SloppyJ reconstituting with bac water got me questioning how fast IGF-LR3 actually degrades without the AA. If you're shooting 60-80mcg of peptide, your bottle is only going to last you 12-16 days. Is bac water really going to degrade LR3 within 2 weeks? So far, from all the research i've done, the only rationale behind using AA is supplier recommendation without any real scientific backup, so I'm wondering, is this just another broscience myth like T3 messing up your thyroid permanently?

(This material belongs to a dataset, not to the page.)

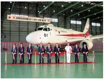
XP-1, the next maritime patrol aircraft

Operating income was down ¥10.1 billion, or 94.8%, to ¥0.6 billion, owing to the decline in sales and higher costs, including losses on revaluation of inventories.

I vaguely remember reading that the reason why suppliers recommended AA recon is because certain chinese IGF-LR3 sources often would not fully reconstitute in bac water. But with all the new USA made suppliers pushing higher purity, is this even a problem? As long as you're not using crap, bac water seems like the most logical, easy choice if you're pushing a heavier injection.


----------



## lsutops (Nov 28, 2011)

pre-fill all your slin pins, then freeze them. That as needed. No more BA vs AA problem.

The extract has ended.